▶ What to work on:
What is wanted is every line below from the one with "didn’t see any" up to and including the one with "科思特 C506S硒鼓 适用三星CLP-680ND", retyped exactly, pictures excluded, nothing else.

Extracted data entries

┄┄┄┄┄┄┄┄┄┄

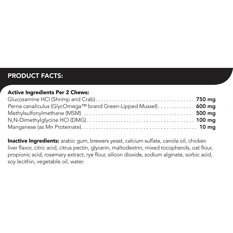 Active Ingredients: (Per 2 Chews) Glucosamine HCl (Shrimp and Crab) (750 mg), Perna Canaliculus (Glycomega Brand Green Lipped Mussel) (600 mg), Methylsulfonylmethane (MSM) (500 mg), N,N-Dimethylglycine HCl (D mg), (100 mg), Manganese (as Mn Proteinate) (10 mg).
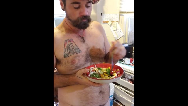 Naked salad toss: eating and hanging out with my dogs
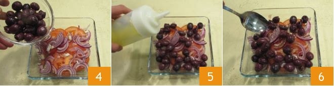 em seguida, adicione as azeitonas pretas 4, metade da dose de azeite 5 e uma pitada de sal e misture bem todos os ingredientes 6.
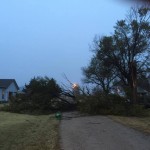 “I didn’t see any twisting, so I assume it was just wind — really strong straight winds,” Huenergarde said. When he ventured out of his house, Huenergarde reported seeing “debris and trash all over and many big trees blown over. The neighbor’s trampoline was blown over a block away.” His house was “plastered with leaves, small twigs and other stuff.”
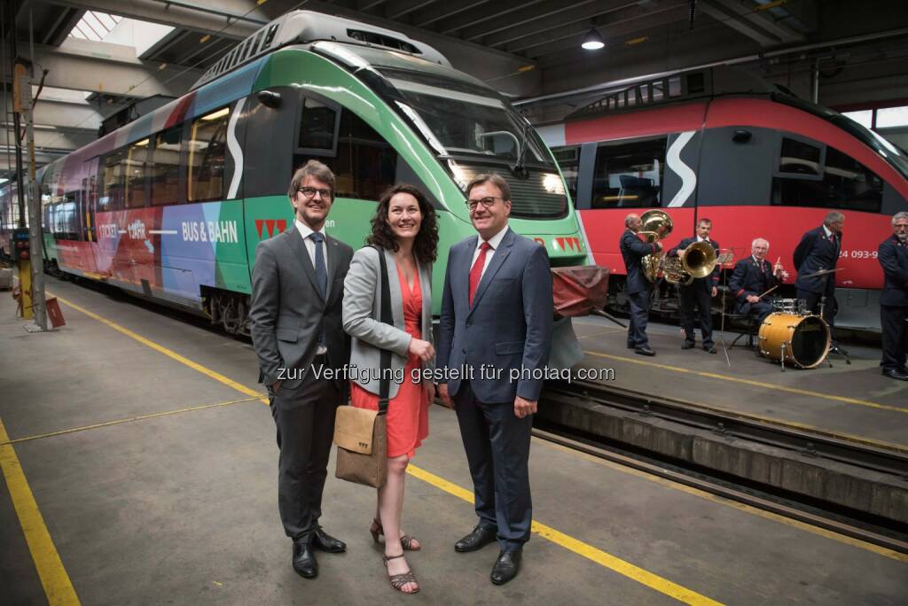 VVT Geschäftsführer Alexander Jug, LHSTV.in Ingrid Felipe und Landeshauptmann Günther Platter schicken einen Nahverkehrs-Zug zur Bewerbung des neuen Tiroltickets auf die Reise. - VVT - Verkehrsverbund Tirol: Bunte Zuggarnitur wirbt für Tirolticket (Fotograf: Gabriele Griessenboeck / Fotocredit: VVT), © Aussender (30.05.2017)
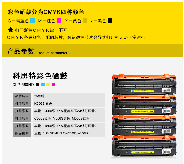 科思特 C506S硒鼓 适用三星CLP-680ND CLX-6260ND 6260FR 专业版(蓝C)
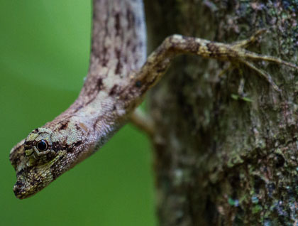 For the second part of our daily activities, we visited Nauta Caño. Life is abundant along this creek. There are vast areas covered by secropia trees and a number of bird species and monkeys can be found here. The best way to explore these small tributaries is on board skiffs. This is the high water season, and most of the forest is entirely flooded. We were lucky today regarding sightings. We saw birds from up in the canopy and also from mid forest, and plenty of fish-eating birds, such as king fishers, egrets and terns. While exploring Nauta Caño, we also encountered a troop of squirrel monkeys!
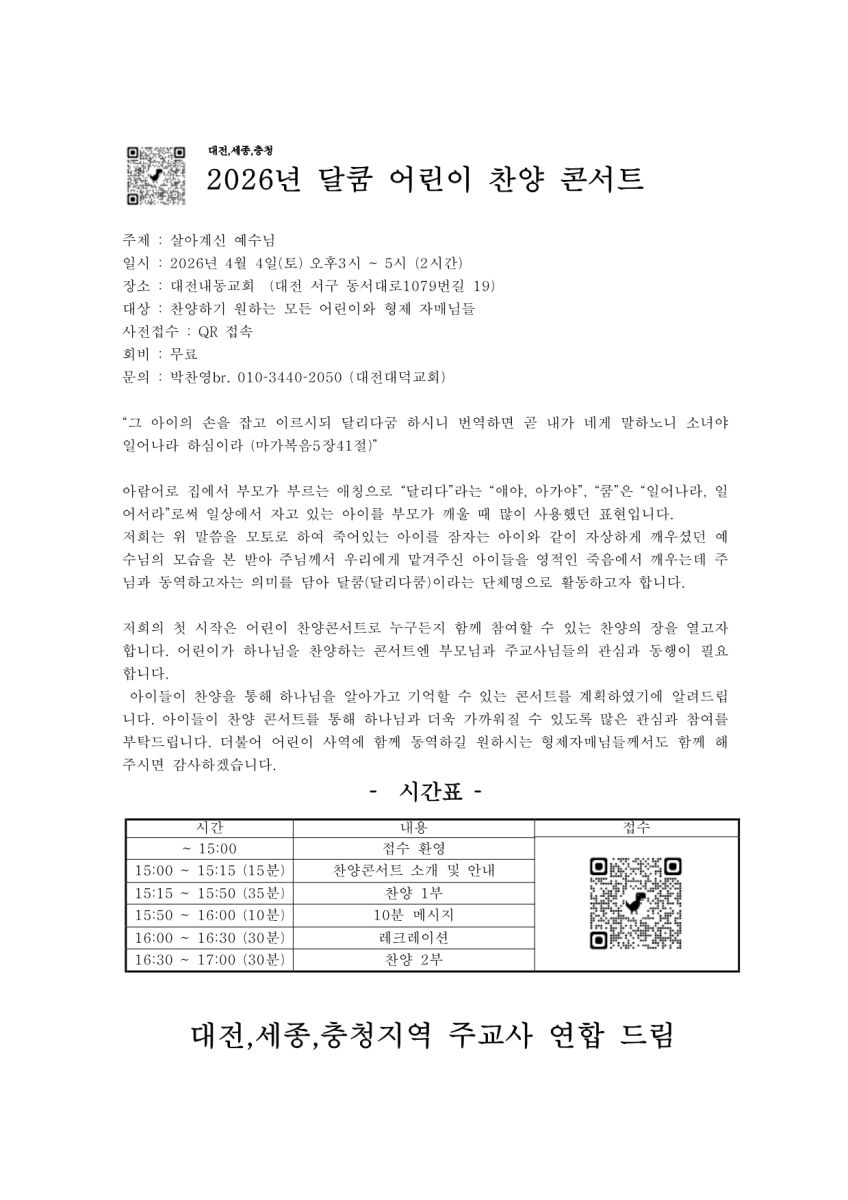 [강습과 세미나] 달쿰 어린이 찬양 콘서트_충청지역 (4월 4일)
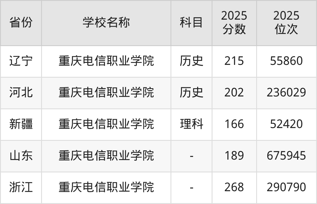 一、2025重庆电信职业学院录取分数线
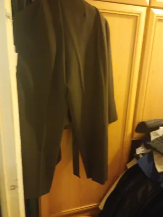 Conjunto de chaqueta y pantalón. - Chaqueta con cinturón. - Diseño abierto.
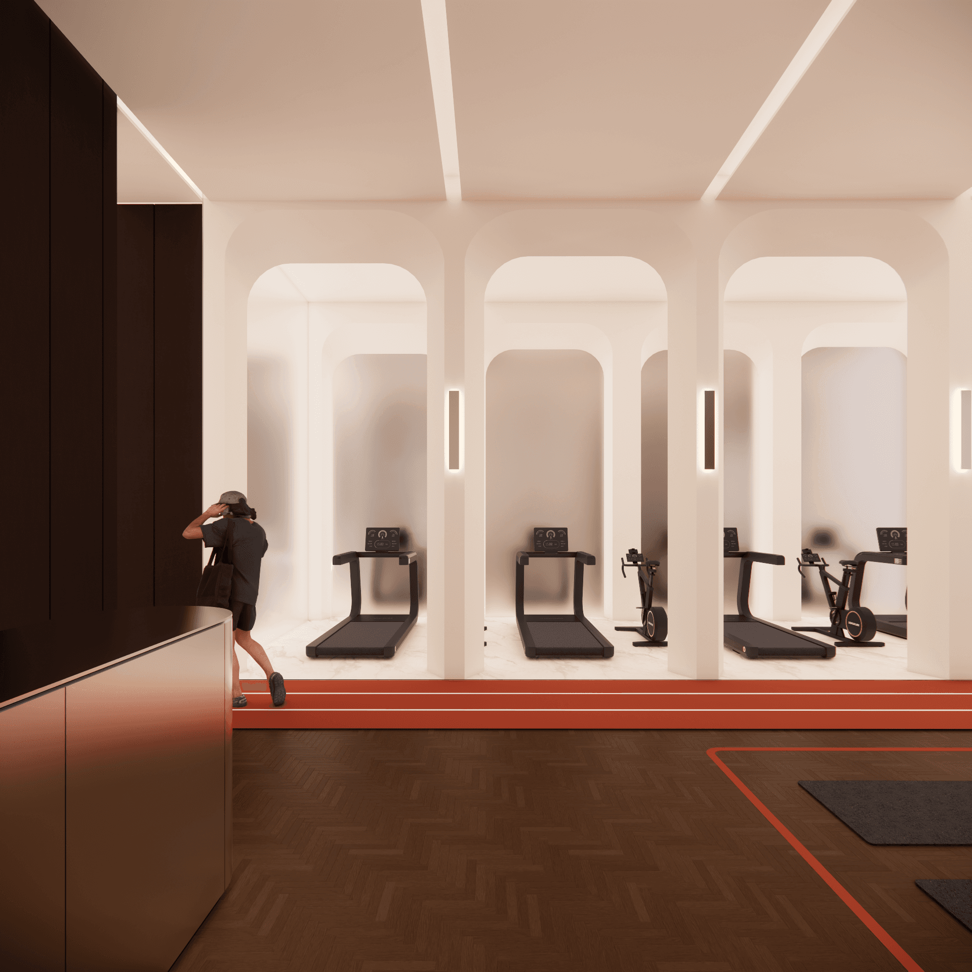 Upper West Side Fitness reimagines the gym as an elevated urban sanctuary, minimal yet richly tactile, refined yet raw in energy. Sculpted from warm wood, soft light, and rhythmic arches, the space balances rigor and repose. Each zone, whether for cardio, strength, or recovery, is defined by clean geometry and a palette that evokes both sophistication and calm. Velvet shadows, curated materials, and carefully framed views create moments of pause in a place designed for movement. More than a gym, it’s a spatial experience, one that invites clarity, focus, and ritual in the heart of Manhattan.

┄┄┄┄┄┄┄┄┄┄

▶ Reply:
 “I didn’t see any twisting, so I assume it was just wind — really strong straight winds,” Huenergarde said. When he ventured out of his house, Huenergarde reported seeing “debris and trash all over and many big trees blown over. The neighbor’s trampoline was blown over a block away.” His house was “plastered with leaves, small twigs and other stuff.”
 VVT Geschäftsführer Alexander Jug, LHSTV.in Ingrid Felipe und Landeshauptmann Günther Platter schicken einen Nahverkehrs-Zug zur Bewerbung des neuen Tiroltickets auf die Reise. - VVT - Verkehrsverbund Tirol: Bunte Zuggarnitur wirbt für Tirolticket (Fotograf: Gabriele Griessenboeck / Fotocredit: VVT), © Aussender (30.05.2017)
 科思特 C506S硒鼓 适用三星CLP-680ND CLX-6260ND 6260FR 专业版(蓝C)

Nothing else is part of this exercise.